Commonly used last century was the Osage orange, shrubby tree native to Texas and nearby areas, and a small industry grew up to supply seedlings for use farther north. But the hedges took years to grow, were expensive to maintain, and their grapefruit-size fruits inedible.

Enter Michael Kelly and his 1868 invention of a "thorny wire fence" mimicking the Osage. As historian George Basalla noted, "Barbed wire was not created by men who happened to twist and cut wire in a peculiar fashion. It originated in a deliberate attempt to copy an organic form."

Q. The world-famous newspaper editorially attacked the professor for proposing that a rocket could propel itself by pushing against empty space - a vacuum - and still receive a push back in return. "That is absurd," said the paper sarcastically. "Of course, Professor Goddard with his 'chair' in Clark College and with the support of the Smithsonian Institution ... only seems to lack the knowledge ladled out daily in high schools." Where in fact was the "vacuum" here, and what was the significance of it all?

A. The real vacuum was in the knowledge of the editorialist attacking the good professor for proposing that liquid- fueled rockets could be used to travel in space, says Louis Bloomfield in "How Things Work: Physics of Everyday Life." This was January 13, 1920, and "The New York Times" writer was only mouthing a common misconception that rocket needs something external to "push against" in order to be able to accelerate and gain speed.

"Of course, a rocket can't really push itself forward, any more than you can lift yourself up by your boots," says Bloomfield. Rather, it obtains a forward force, a thrust force, by pushing against its own limited store of fuel.

The pair of equal but opposite forces are action and reaction-- the rocket pushes its exhaust backward and the exhaust pushes the rocket forward Professor Goddard knew all this but it took the large cultur a good while to catch up with him.

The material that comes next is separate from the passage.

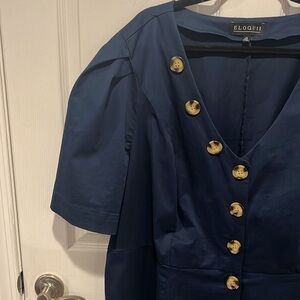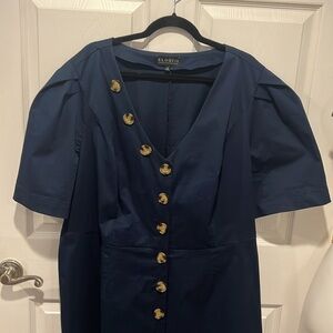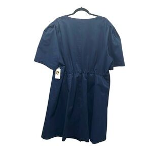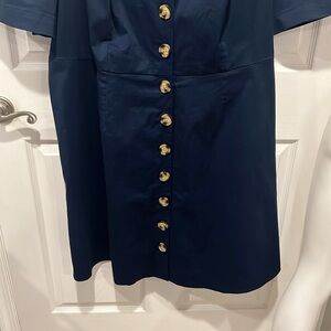 Eloquii navy blue v neck button down short sleeve dress knee length/ midi depending on height

Q. Why would anyone be interested in quantifying traffic flows in drunken crowds?

A. To help minimize the congestion and fights that often break out, speeding revellers home faster and safer, says Linda Geddes in "New Scientist" magazine. When University of Cardiff, United Kingdom, researchers monitored Friday and Saturday late night crowds, they discovered high numbers to be staggeringly drunk. This broke down "lamina flow"--where people in a crowd line up behind others going in the same direction--and thus slowed movement by about 9% when a fifth of people were drunk and 38% when the whole crowd was, exacerbating impatience, petulance, problems.

The research team is now examining how moving street furniture or increasing pedestrianization in other ways might ease congestion around nightspots. Its crowd model can help pre-test how opening a new bar or fastfood outlet might affect a crowded city center.

Q. Imagine knights of old gathering for a roundtable discussion with modern baseball players. What "material strength" tips could they share?

A. White ash was celebrated in medieval times as the only proper wood from which to construct the lances of knights errant, says Robert K. Adair in "The Physics of Baseball." "An ash lance was light enough to carry and wield and strong enough to impale the opposition."

Pounding the opposition is the aim of today's baseball sluggers, whose white ash bats swung at 70 mph will endure the 8,000-pound force imparted to a well-hit ball.

A bat made instead of green ash or black walnut will come close to the same "feel" and hitting characteristics but lack in hardness and strength.